At a median follow-up of 33.6 months, nivolumab plus cisplatin and gemcitabine reduced the risk of death by 22% compared with chemotherapy alone (hazard ratio [HR], 0.78; 95% CI, 0.63-0.96; P =.02); median OS was 21.7 months and 18.9 months, respectively.

The nivolumab combo also reduced the risk for disease progression or death by 28% vs chemotherapy alone (HR, 0.72; 95% CI, 0.59-0.88; P =.001); median PFS was 7.9 months and 7.6 months, respectively.

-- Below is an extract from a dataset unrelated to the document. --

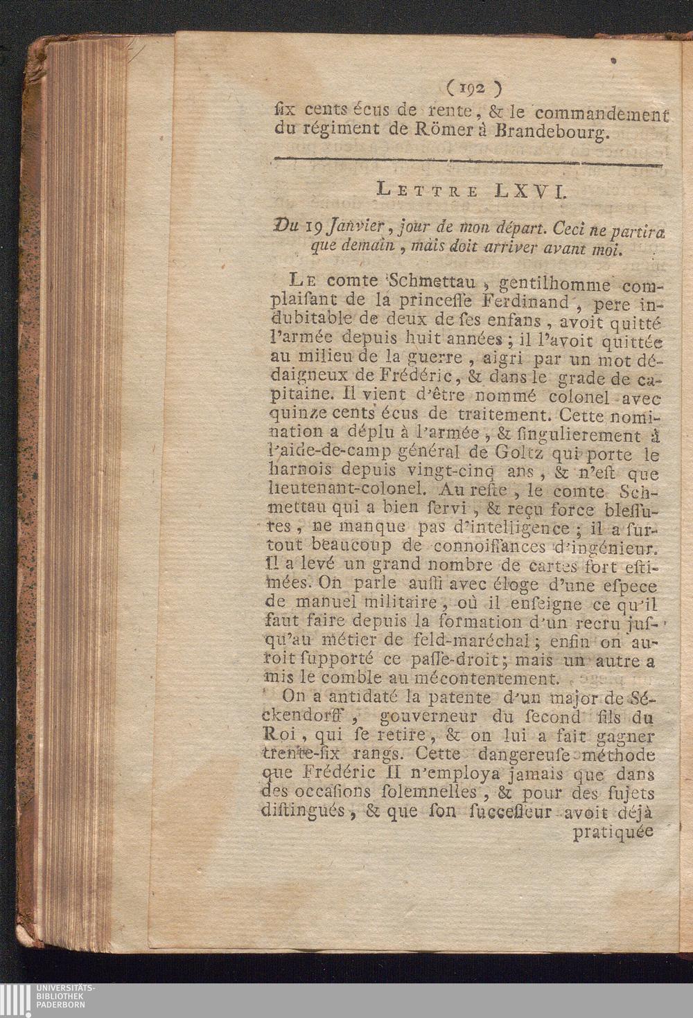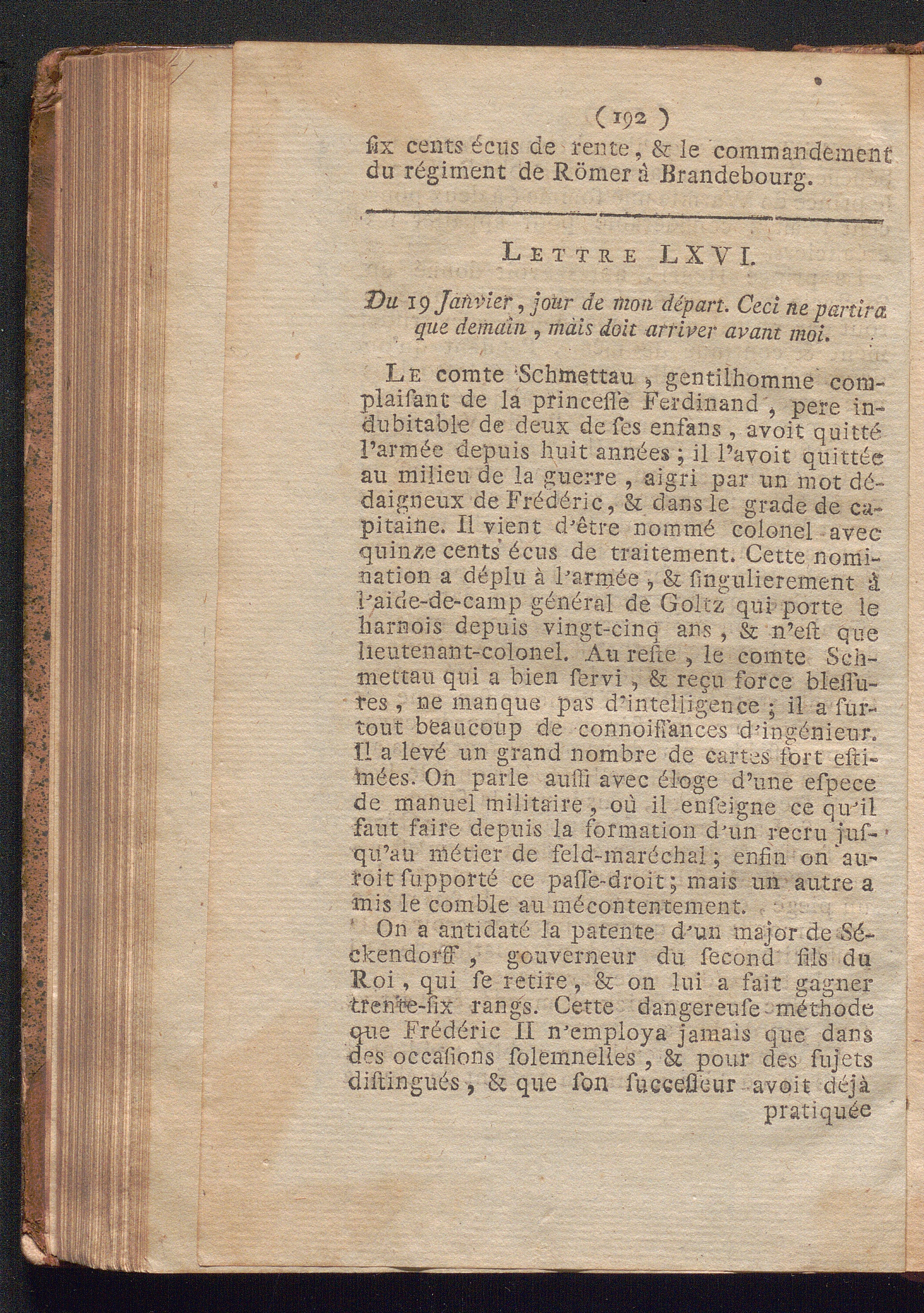 Lettre LXVI. Du Janvier, jour de mon départ. Ceci ne partira que demain, mais doir[...]

The objective response rate was 57.6% (22% complete response; 36% partial response) and 43.1% (12% complete response; 31% partial response) in the nivolumab plus cisplatin and gemcitabine and chemotherapy alone groups, respectively. Median duration of response was 9.5 months and 7.3 months in the respective arms. 

The most common adverse reactions reported with nivolumab plus cisplatin and gemcitabine were nausea, fatigue, musculoskeletal pain, constipation, decreased appetite, rash, vomiting, peripheral neuropathy, urinary tract infection, diarrhea, edema, hypothyroidism, and pruritus.

“Bringing Opdivo to the first-line setting in UC with chemotherapy is the latest realization of our history of research and progress in immunotherapy, which has helped transform the treatment landscape for many cancers, including bladder cancer,” said Wendy Short Bartie, senior vice president and general manager, US Hematology and Oncology at Bristol Myers Squibb. “This milestone adds a meaningful expansion to our portfolio of Opdivo-based treatments in genitourinary cancers, where we now have offerings in UC spanning three indications across stages of disease and treatment needs.”